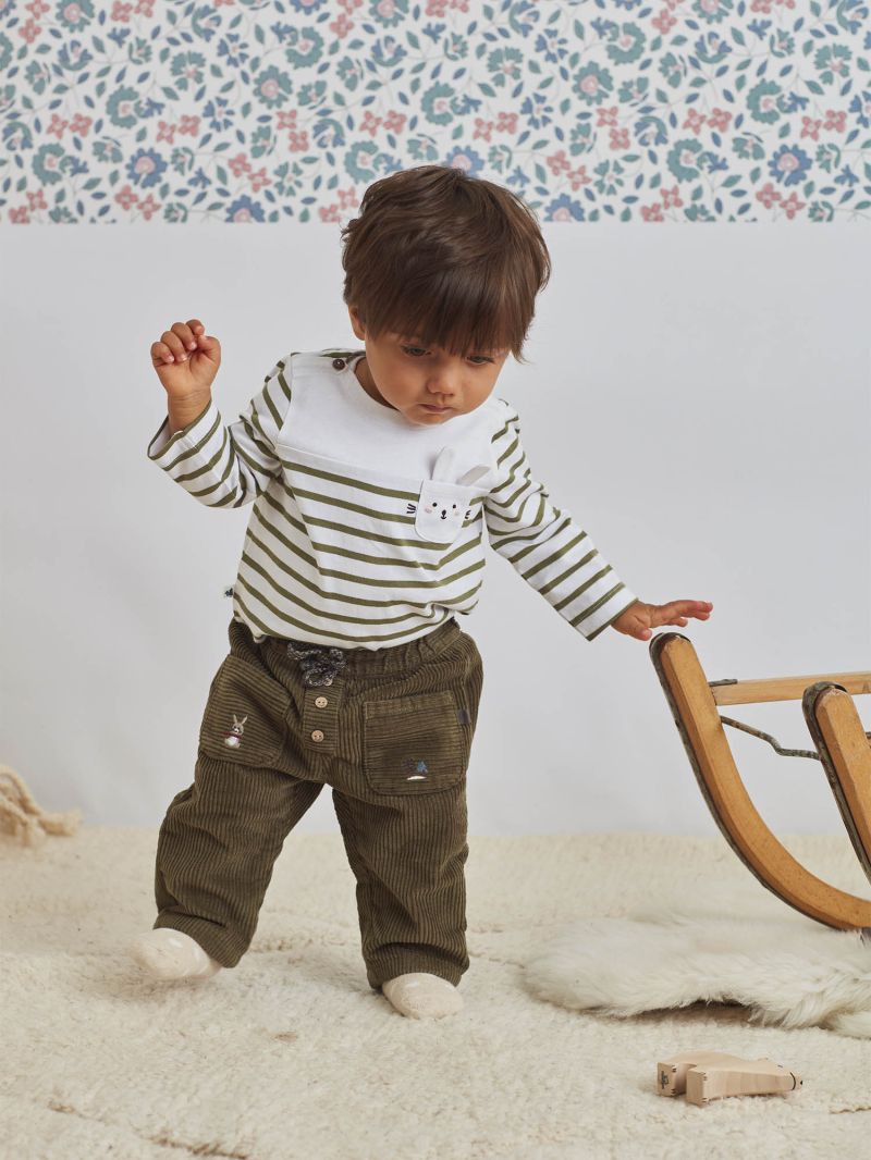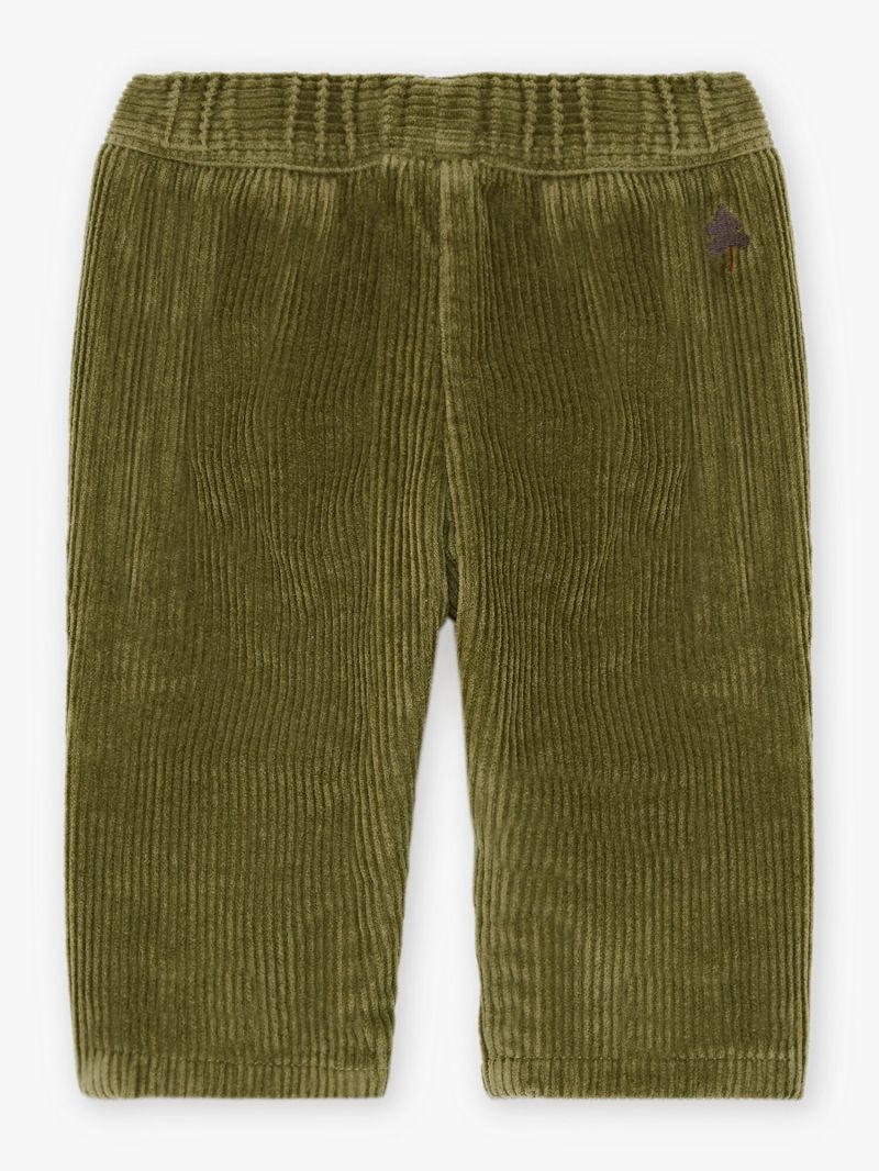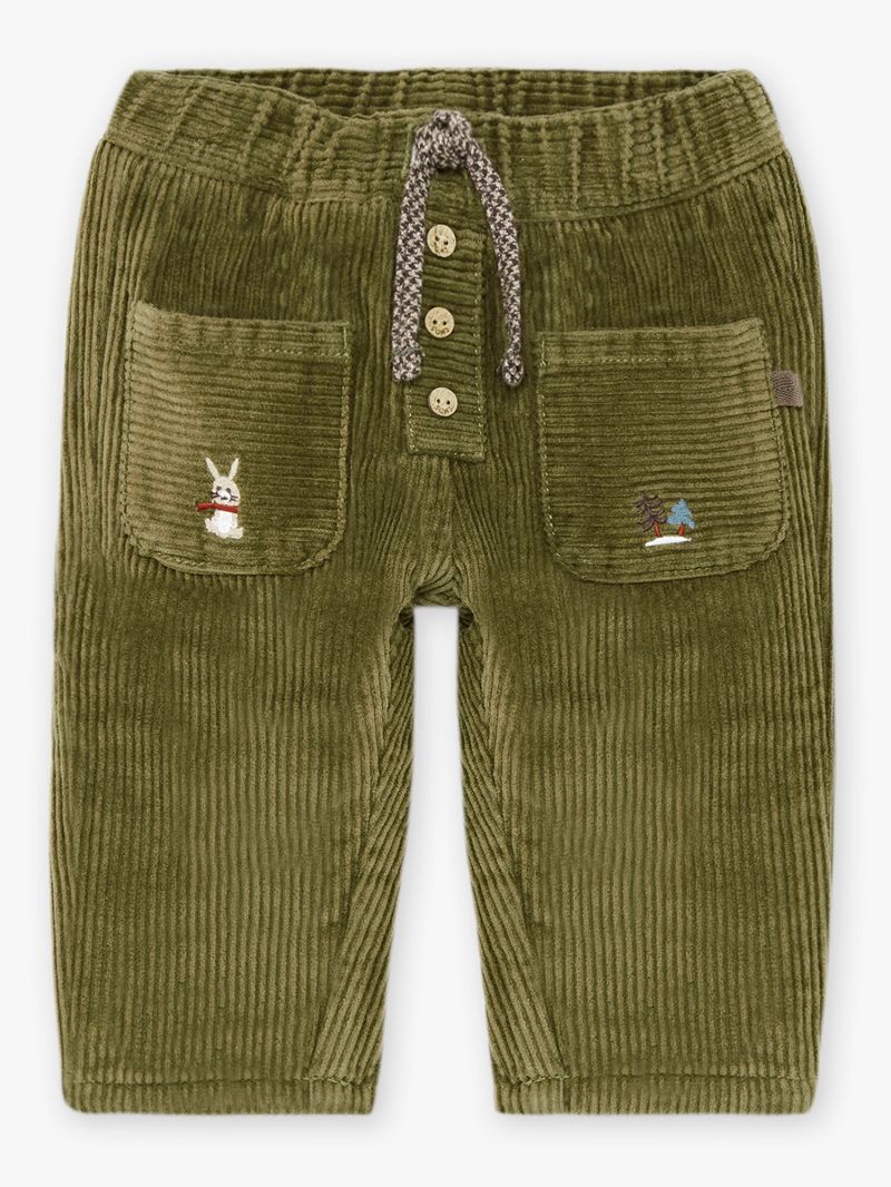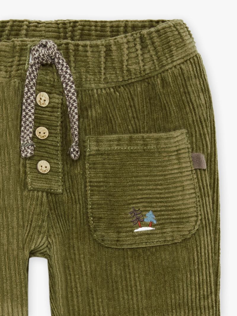 Подплатени памучни панталони с меко рипсено кадифе в цвят каки, ластик на талията с връзки, декоративни копчета под тях, два предни джоба с бродерия на животинки, топла памучна подплата.
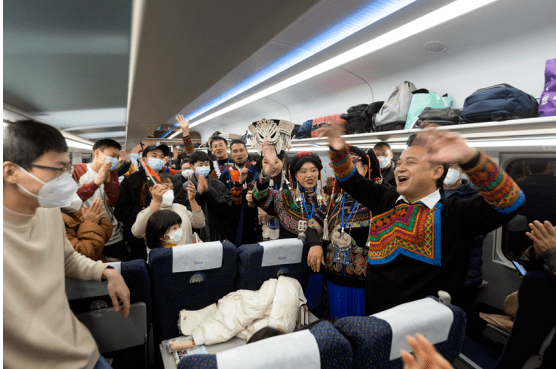 2022年12月26日,彝族群众身着节日的盛装在新成昆铁路首发列车上为乘客表演节目(新华社记者 江宏景 摄)
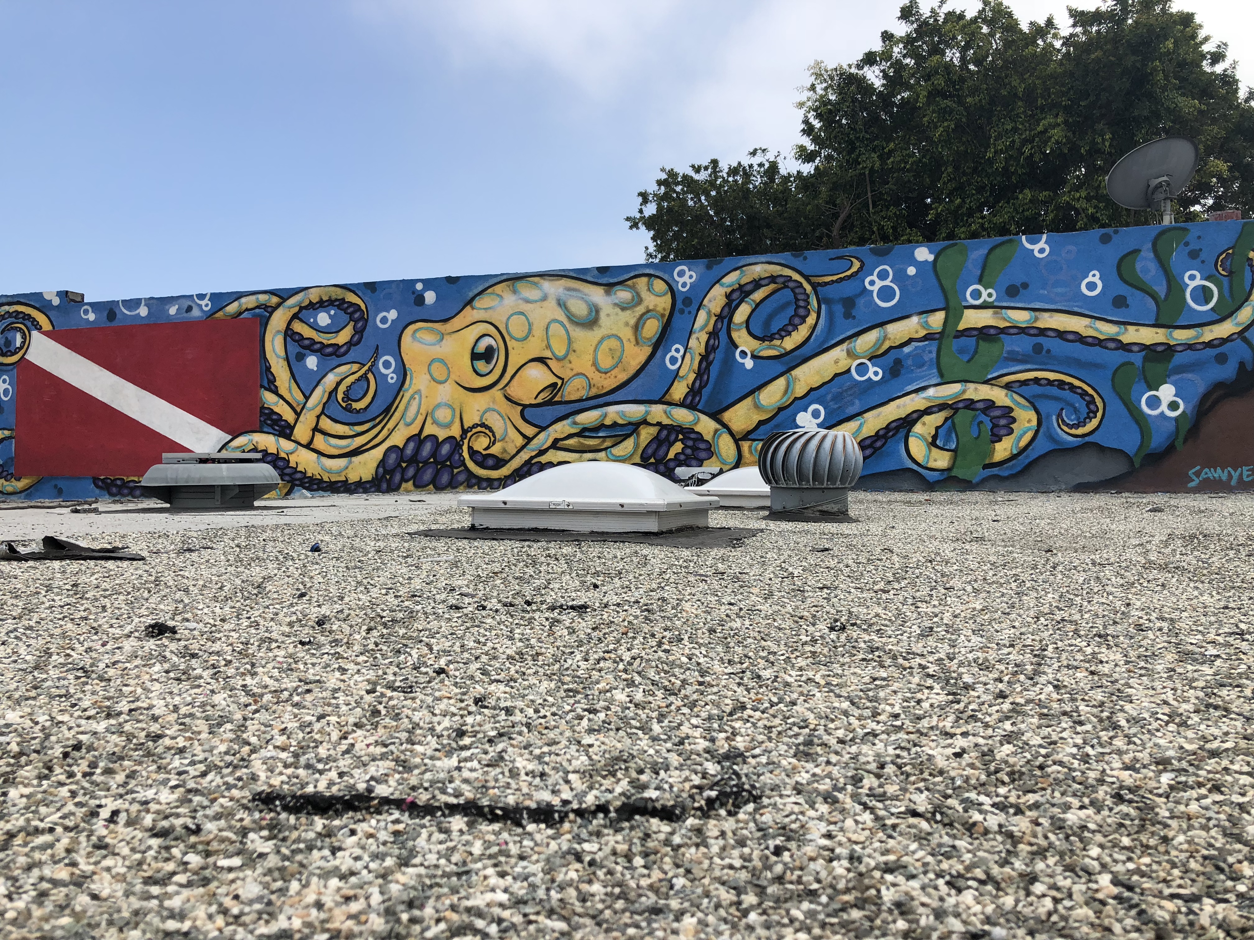 Next door to the dive shop is a taco joint, they share the same parking lot. I’ve never eaten there but the outside dining area has some good looking paint:

________________

◆ What needs to be done ◆
Repeat the listing verbatim, pictures excluded.

◆ Your solution ◆
 Подплатени памучни панталони с меко рипсено кадифе в цвят каки, ластик на талията с връзки, декоративни копчета под тях, два предни джоба с бродерия на животинки, топла памучна подплата.
 2022年12月26日,彝族群众身着节日的盛装在新成昆铁路首发列车上为乘客表演节目(新华社记者 江宏景 摄)
 Next door to the dive shop is a taco joint, they share the same parking lot. I’ve never eaten there but the outside dining area has some good looking paint:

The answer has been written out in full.